「『ひとりの人間としての総理大臣』は、どう国民に共感してもらえるか」
とりわけ与野党の関係悪化の象徴として細野氏が挙げるのが、1999年11月に小渕政権で始まった党首討論だ。曰く、「特に2000年代前半ぐらいは、非常に党首討論で政治が動いた」が、今となっては回数も減り「行われたとしても非常に注目度が低い。これも『対話』がないことの象徴だと思う」。

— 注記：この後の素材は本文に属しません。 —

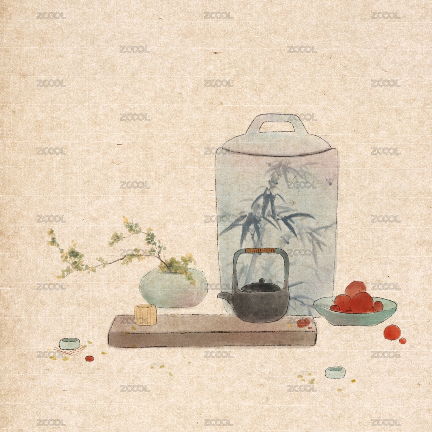 古风物件国潮国风插画

最近の「対話」を感じさせる数少ない例が、新型コロナウイルスをめぐる補正予算案に野党の大半が賛成したことで、「若干光明があった」とする一方で、「こういう事態だから当然と言えば当然」とも。政治が国民の信頼を得られない一因を「仮に違いがあっても、それを乗り越えていくみたいな姿が見えないこと」だとみる。
松井氏は、「政治家の肌感覚を国民に伝える」「価値観を共感してもらう」ことがカギになるとの立場だが、民主党政権ではそれが道半ばだったことも語った。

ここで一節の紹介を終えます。